Thank you for doing the research on the comment made about secondary poisoning being a myth. I had meant to do the research because I knew this information was in error. I have seen it first hand when helping at the local Emergency Vet Clinic. The cat in question died then had a necropsy and was determined to have died by ingesting a mouse that had ingested rat poison. Pretty conclusive. We learn something new every day. Rat poison is a very bad thing even when used as intended there is potential collateral damage and death.


----------



## johnsopi (Jan 23, 2008)

25 cats I bet that hard on the bird popaltion as well as mouse.


----------



## Bill (Jan 23, 2008)

First off I would like to say that I live in the country and would never do anything to harm our environment or our animals. Second I hope we can have a healthy discussion and share information with each other and learn from each other as well. 

I have been involved in Integrated Pest Management for 38 years and never came across secondary poisoning, but it can happen. So from my professional opinion I can say it’s extremely rare. Let’s analyze the statement above a cat ate one mouse that had ingested a rodenticide and died. A cat could consume three mice that had consumed and died from most commonly used second generation rodenticides and the chance of dying is almost zero. 

An understanding how the rodenticides work is in order. Using Brodifacoum as an example a mouse would eat four grams every day for several days. It can take anywhere from 3 to 14 days to die. By the time the rodent dies it may have very little rodenticide in its system, but may contain some in the liver, and possible some pellets in the mouth.  A 4.4 pound cat would need to eat 35.3 grams of the rodent bait to die. So the number of mice would be maybe 6 to 8 mice. Most rodenticides cause the animal to hem ridge and may not eat for a few days before dying. So it could take even more than 8 mice. Anticoagulants can be easily reversed by administering vitamin K1. Remember the active ingredient in some rodenticides is .005%, which is a very small amount of active ingredient. Toxicity levels are milligrams per kilograms of body weight, so an animal 300 times the weight of a mouse, would normally have to eat 300 times the lethal dose. 
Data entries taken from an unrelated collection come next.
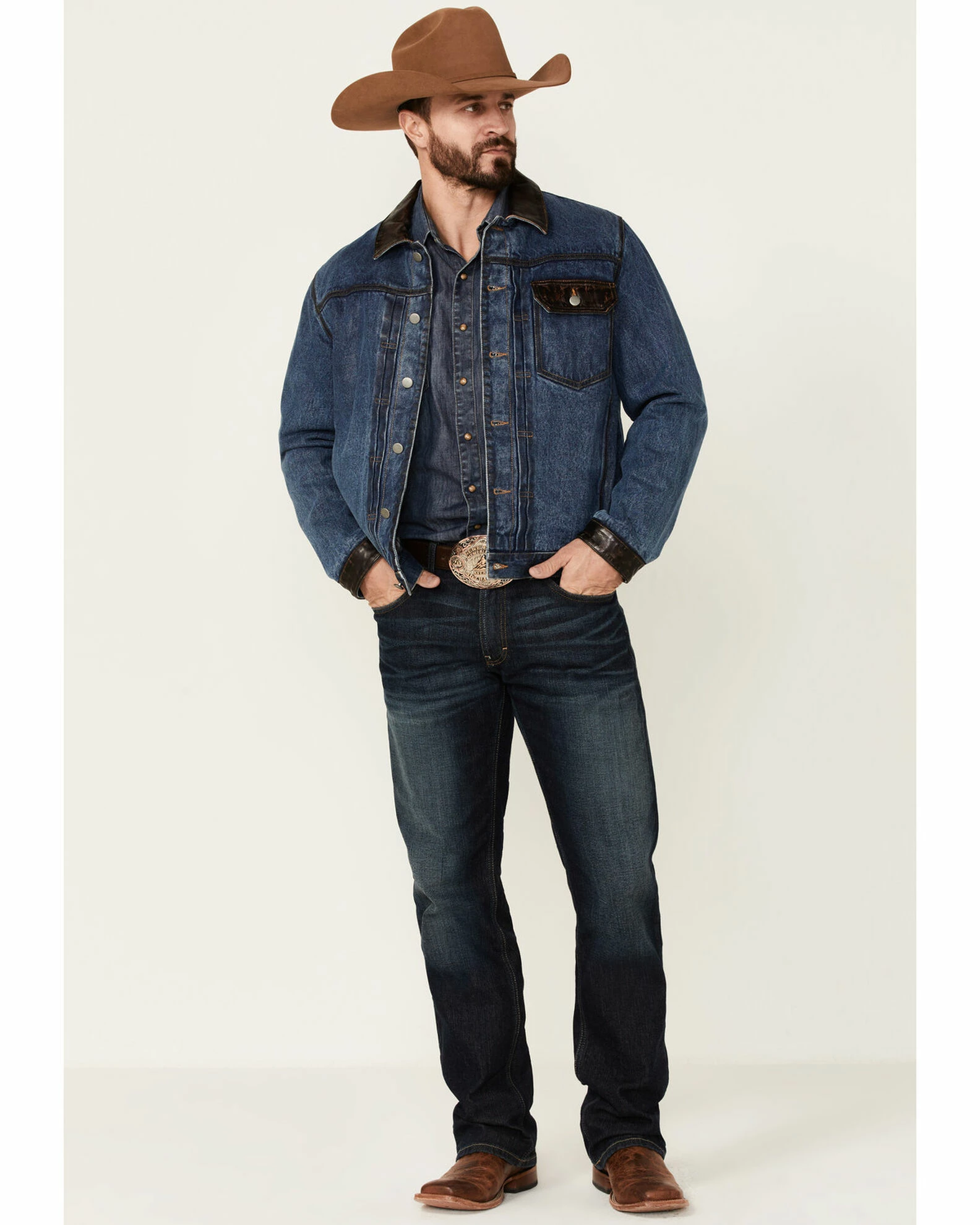 Scully Men’s Indigo Denim Leather Trim Button-Front Jacket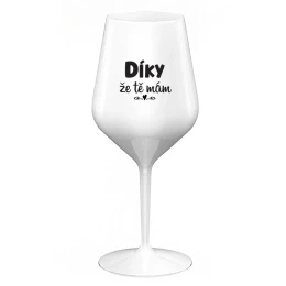 DÍKY ŽE TĚ MÁM - bílá nerozbitná sklenice na víno 470 ml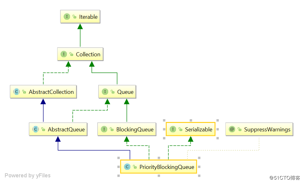 PriorityBlockingQueue 是一个wujie的队列,使用put方法不会阻塞,使用时一定要注意内存溢出的问题;整个队列的出队和入队都是通过最小堆来实现的,理解最小堆是这个队列的关键;这个一个优先级的队列,适合有优先级的场景。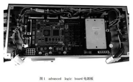 至此完全可以断定,球管部分的近端控制触摸屏和束光器上的条状显示屏黑屏故障就是那块advanced logic board电源板上有元器件烧坏。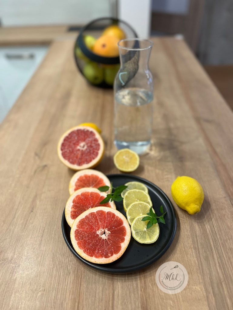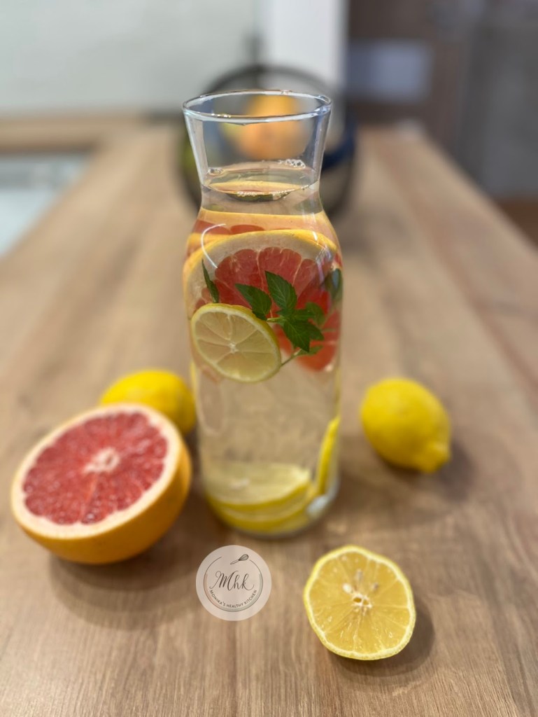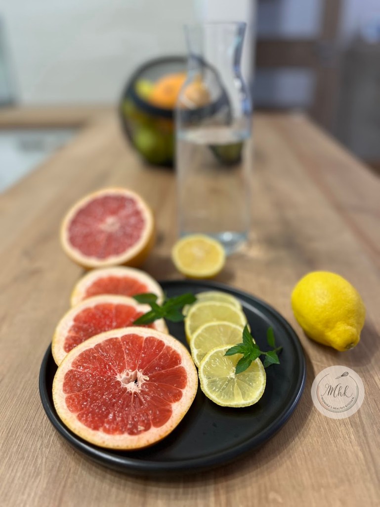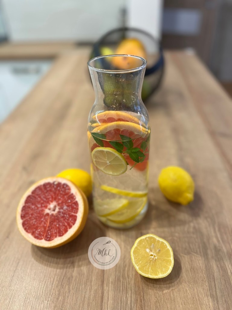 Тази ароматна витаминна вода е перфектният начин да започнеш деня – свежа, леко цитрусова и естествено хидратираща. Комбинацията от лимон, грейпфрут и мента пречиства, освежава и събужда организма, без никакви подсладители.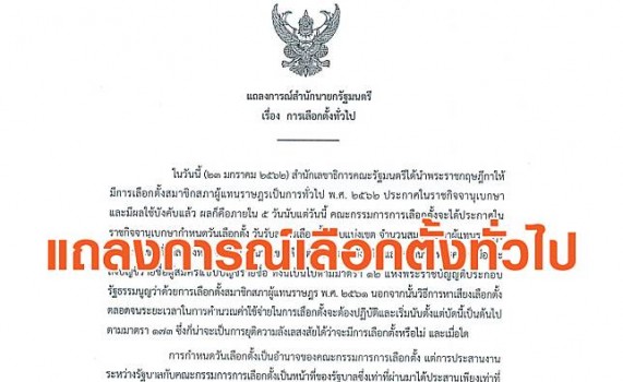 ปี 62 เลือกตั้งชัวร์ สำนักนายกฯออกแถลงการณ์เลือกตั้งทั่วไป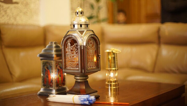 The Holy Fire from Jerusalem to Ukraine was delivered by the official delegation of the Ukrainian Orthodox Church led by the Chancellor of the UOC Metropolitan Anthony of Borispol and Brovary on April 7, at 19 pm. The Fire was given to the clergy of the UOC.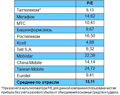 По сравнению с другими бумагами телекомов акции Таттелекома на сегодняшний день выглядят очень привлекательно и в долгосрочной перспективе могут обеспечить неплохую доходность. Мультипликатор P/E, скорректированный на убыток от обесценения основных средств и гудвила, принимает значение 8,13х при среднем по рынку 13,11х, открывая неплохие шансы для роста котировок в среднесрочной и долгосрочной перспективе.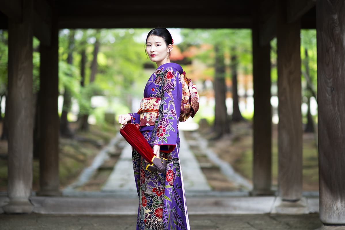 当店で着付・ヘアメイクをした場合、当店から曹源寺までマイカーなどで移動していただくこととなります。道路が空いていれば20分少々で到着できますが、混雑していると40分ほどかかる場合がございます。駐車場はそれほど広くありませんのでシーズン中の土日祝日は注意が必要です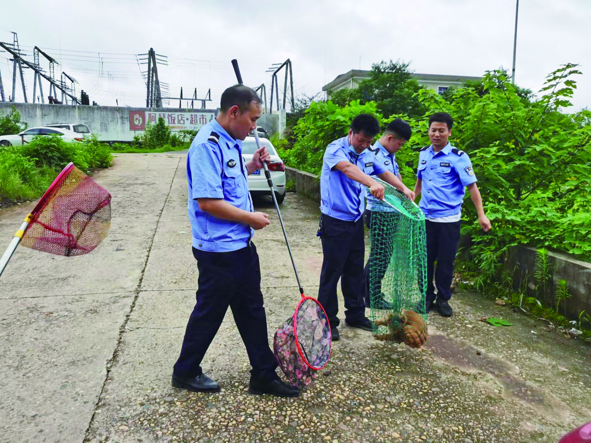 公安民警抓捕流浪狗。 通讯员/甘敏 供图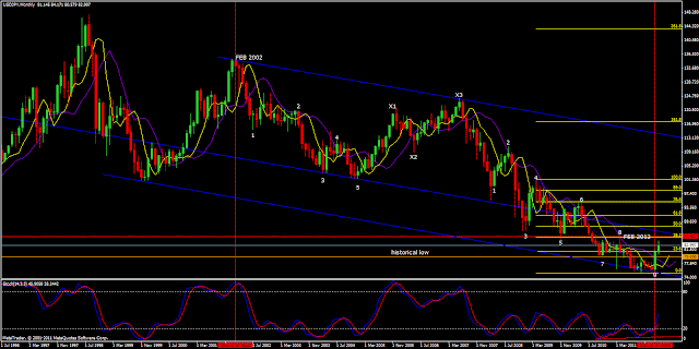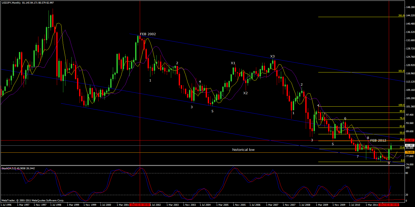 This is part of a long process. as you can see by the monthly chart below, the USDYEN completed a 120 month cycle (10years), from Feb 2002 to Feb 2012. This new phase might take it back to 101.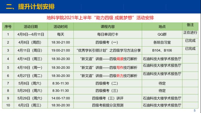 本次活动是我院2021年上半年“助力四级 成就梦想”系列活动的第二场,不仅增进了同学们对四级考试及自身英语水平的了解,更让同学们掌握了的不少学习英语的方法,激发了同学们英语学习的热情与主动性,促进我院学风建设良好发展。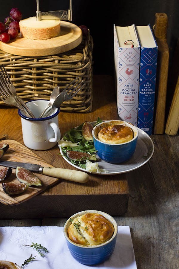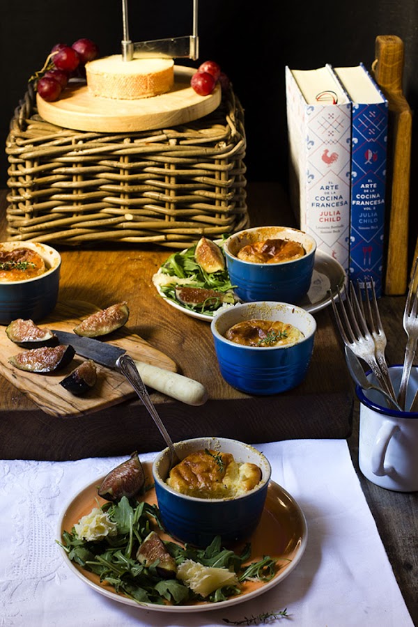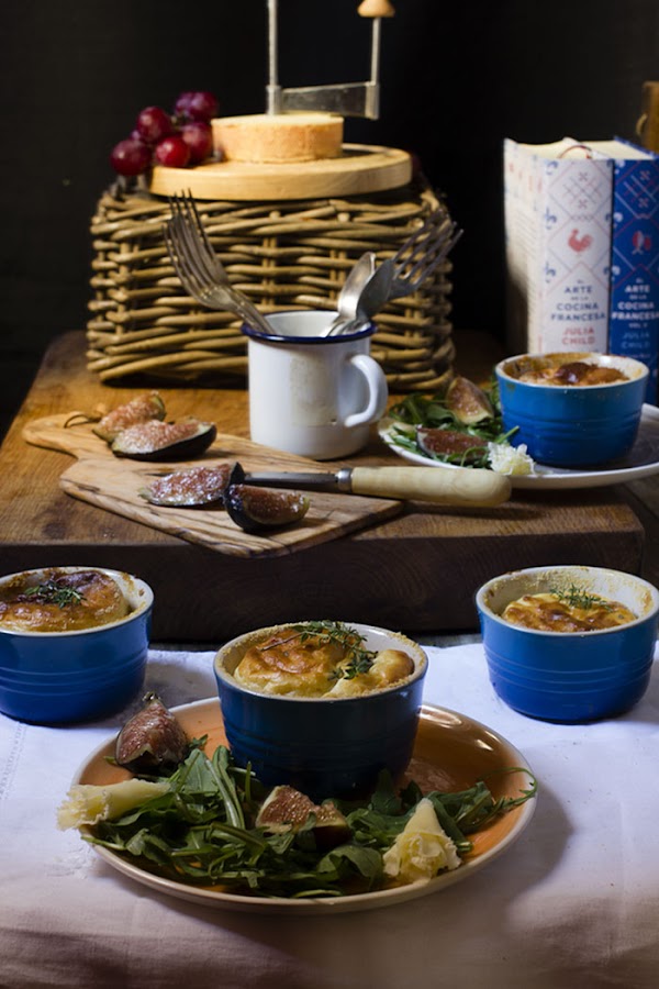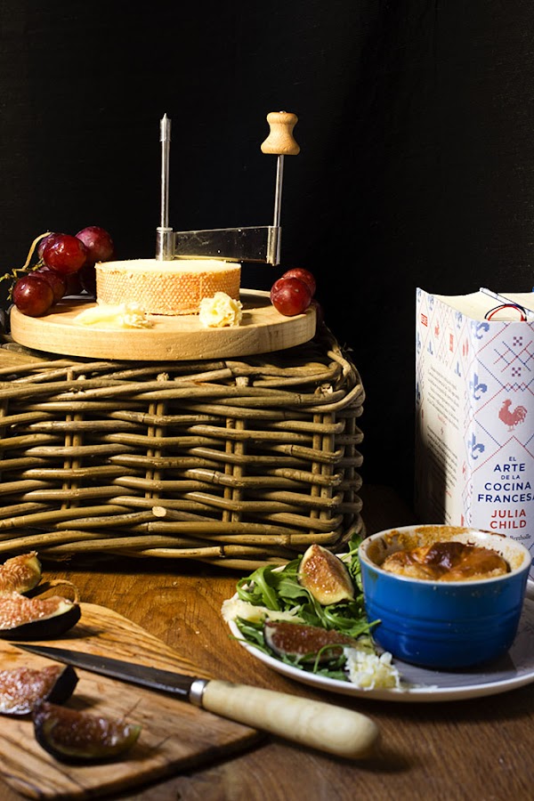 He seguido al pie de la letra la receta del libro, tan solo en lugar de utilizar un molde más grande, he usado éstos preciosos ramenquines Le Creuset, que he presentado acompañados de una sencilla y rica ensalada de rúcula, higos y rosas hechas con la Frisette Tellier pensada para el queso suizo Tête de Moine. Espero que os guste, la receta la podéis encontrar en el blog de Claudia&Julia, pinchando AQUÍ.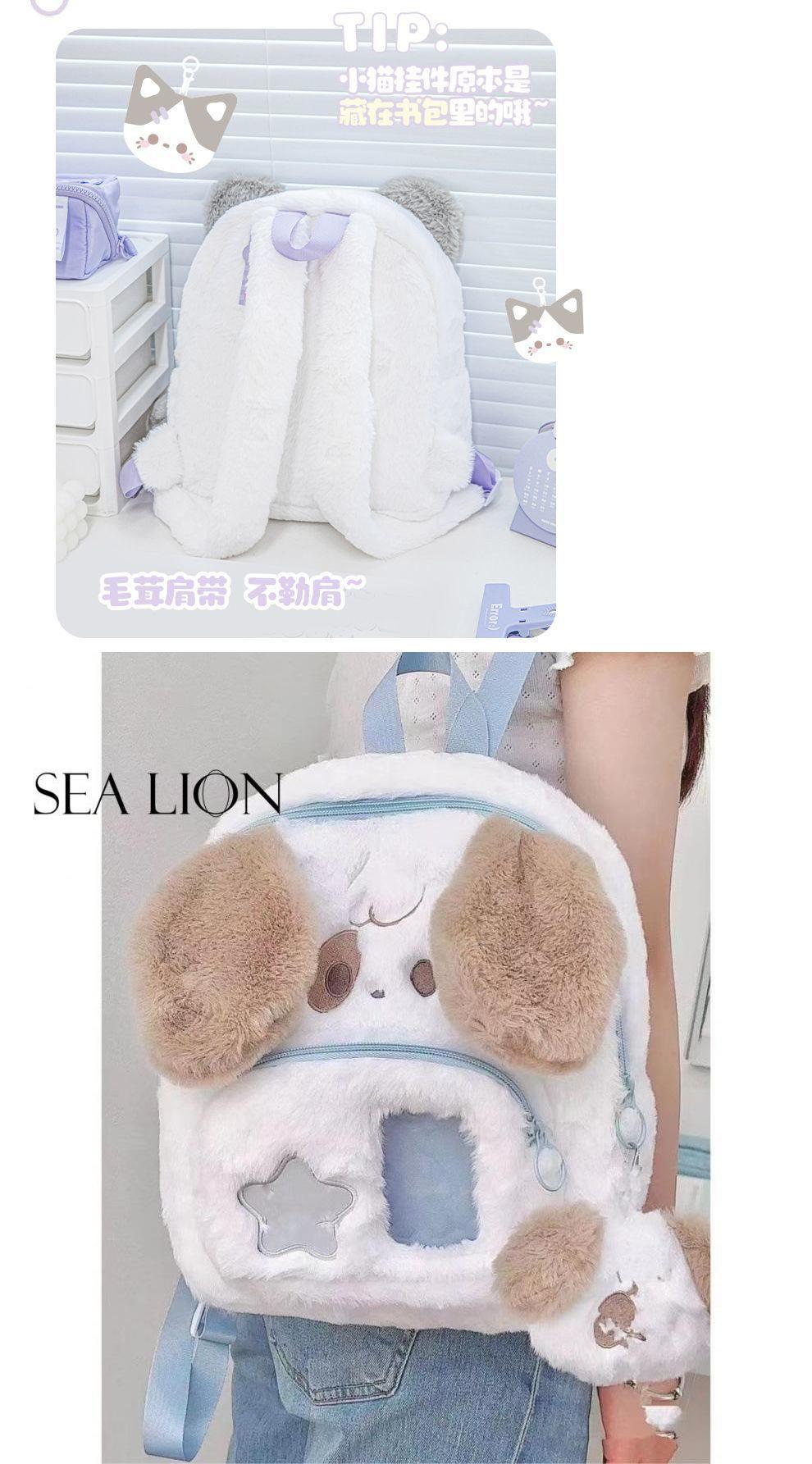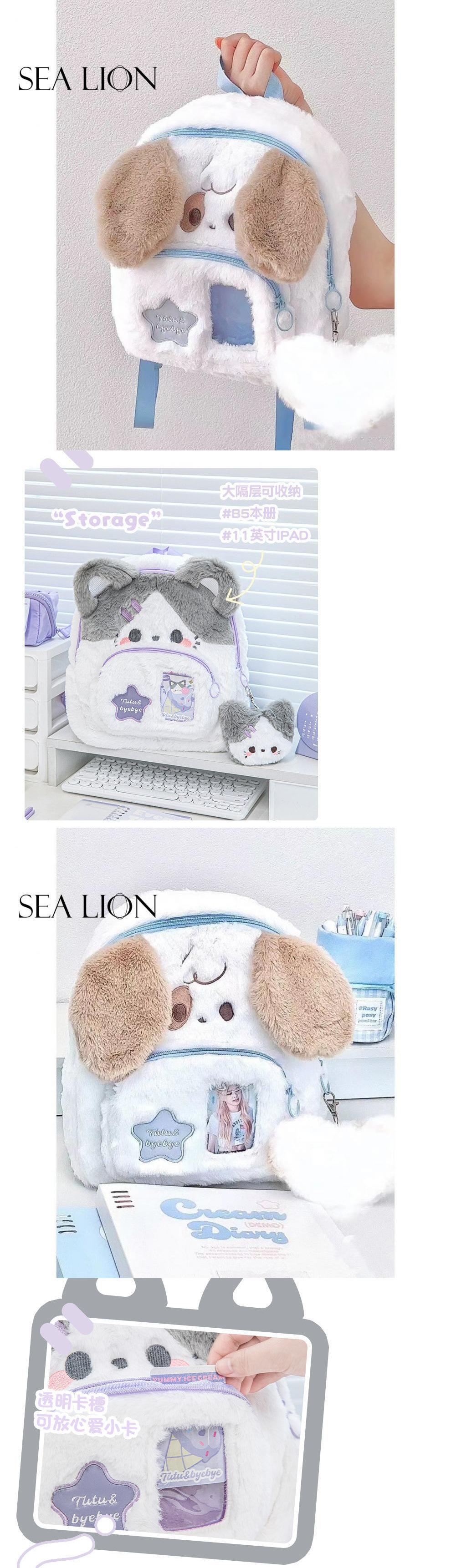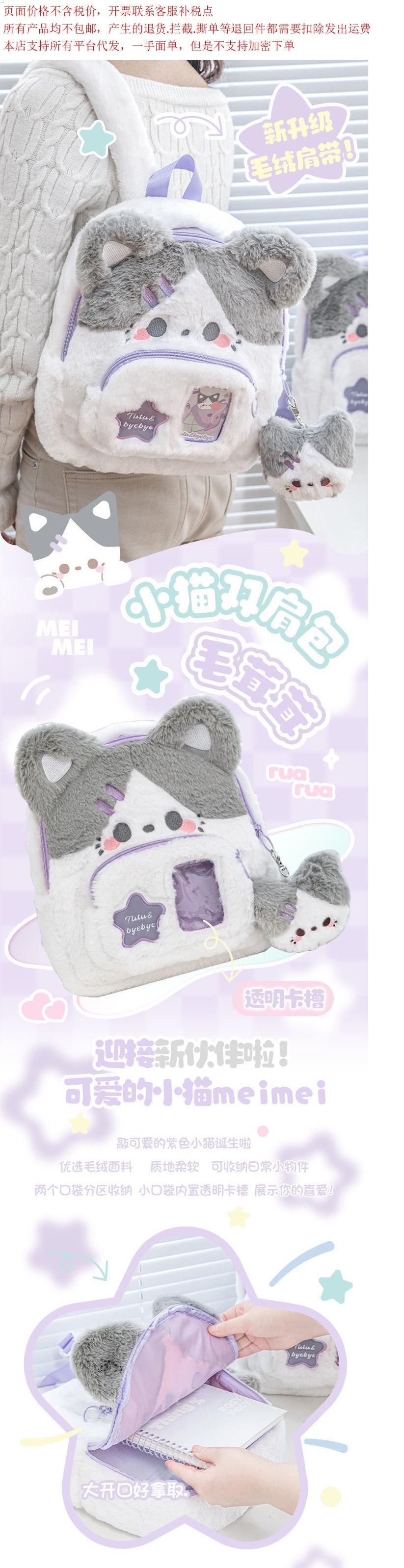 Mochila Suave para Niñas, Gran Capacidad, Linda Mochila Escolar de Peluche de Gato Morado, Nueva Mochila Pequeña de Dibujos Animados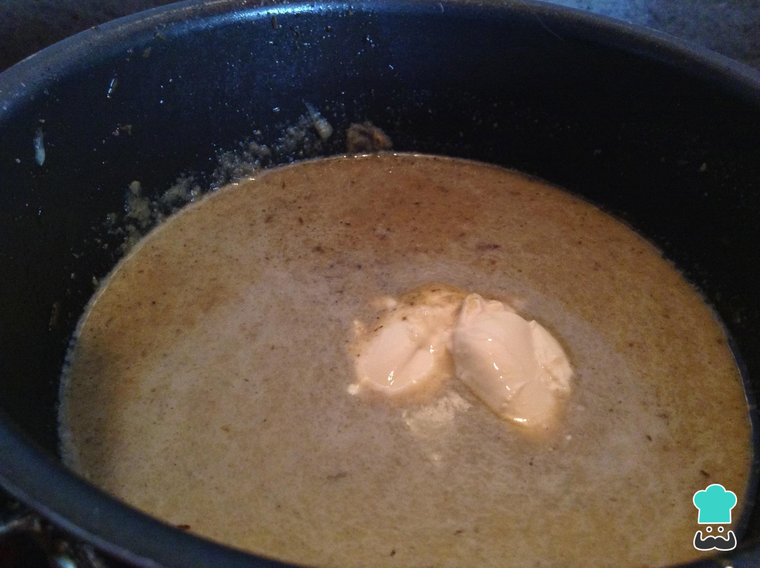 Adicione três colheres de sopa de creme de leite, mexa para misturar bem e desligue após cinco minutos, para não cortar o creme.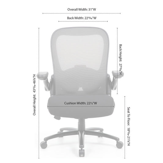 OfficeSource | Ryde | Big & Tall High Back Mesh Task Chair with Flip Arm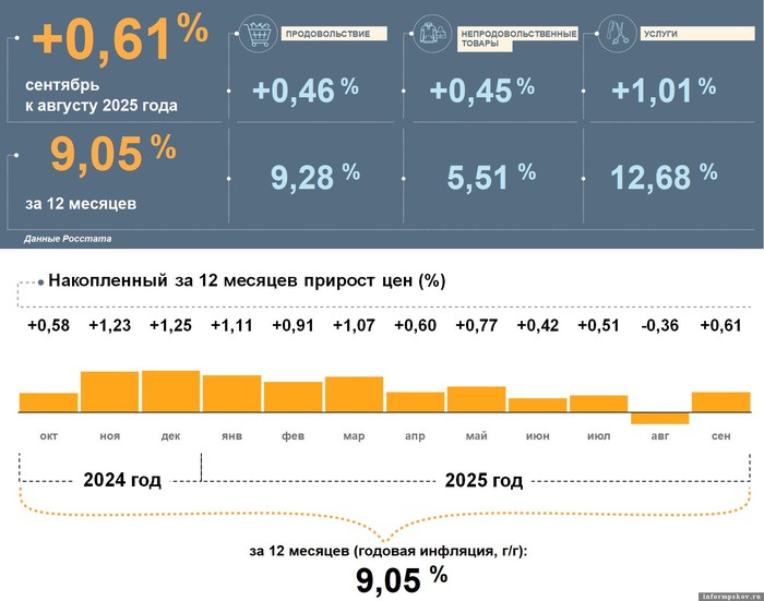 В сентябре цены в Псковской области выросли на 0,61 % к августу, следует из данных Росстата. Кроме того, годовая инфляция ускорилась и составила 9,05 %, превысив показатель в целом по стране, который составил 7,98 %.

Rodents cannot regurgitate so once a rodenticide is ingested it stays down. On the other hand dogs and cats can eliminate at will, so can raccoons, fox, etc. So this is another safety factor. Many rodenticides contain bitrex which is very bitter and rodents have little taste but other animals and children do not like.   Also anticoagulants are used for making blood thinners for human consumption, so there has to be safe dosages, with little to no side effects. 

Each rodenticide has different levels of safety that a professional applying them would consider. Brodifacoum in my opinion would be a poor choice on a farm. Most poisonings are non-target animals eating the bait directly. So knowing specific hazards of a rodenticide is important. Placing the baits in tamper proof bait stations excludes non target animals. Having rodents outside is not a problem in my opinion. But having them nest in your kitchen cabinets is another story. I highly recommend mouse traps then secondary poisoning isn’t an issue.


----------



## woodconvert (Jan 24, 2008)

SO, I evicted some whiskery tenants last night. They didn't put up much of a fuss. I brushed off the fuzzies of the mouse house, loaded the wood in the bag and stacked the wood on the porch.

Long story short....when you bring wood in to dry next to the stove....DO NOT include a piece of wood that was the footings for a mouse house. WOW does that stink when it gets hot.


----------



## kalevi (Jan 24, 2008)

An associate did not like killing mice so he live trapped them and let them go outside. He marked them with a little paint. He was catching the same mice. He kept letting them go farther and farther from his house. He found if he relocated them about a mile or more, they did not come back.


----------



## Vic99 (Jan 24, 2008)

I believe 1 mile is the minimum standard for trap and release if you don't want to see the same mice return.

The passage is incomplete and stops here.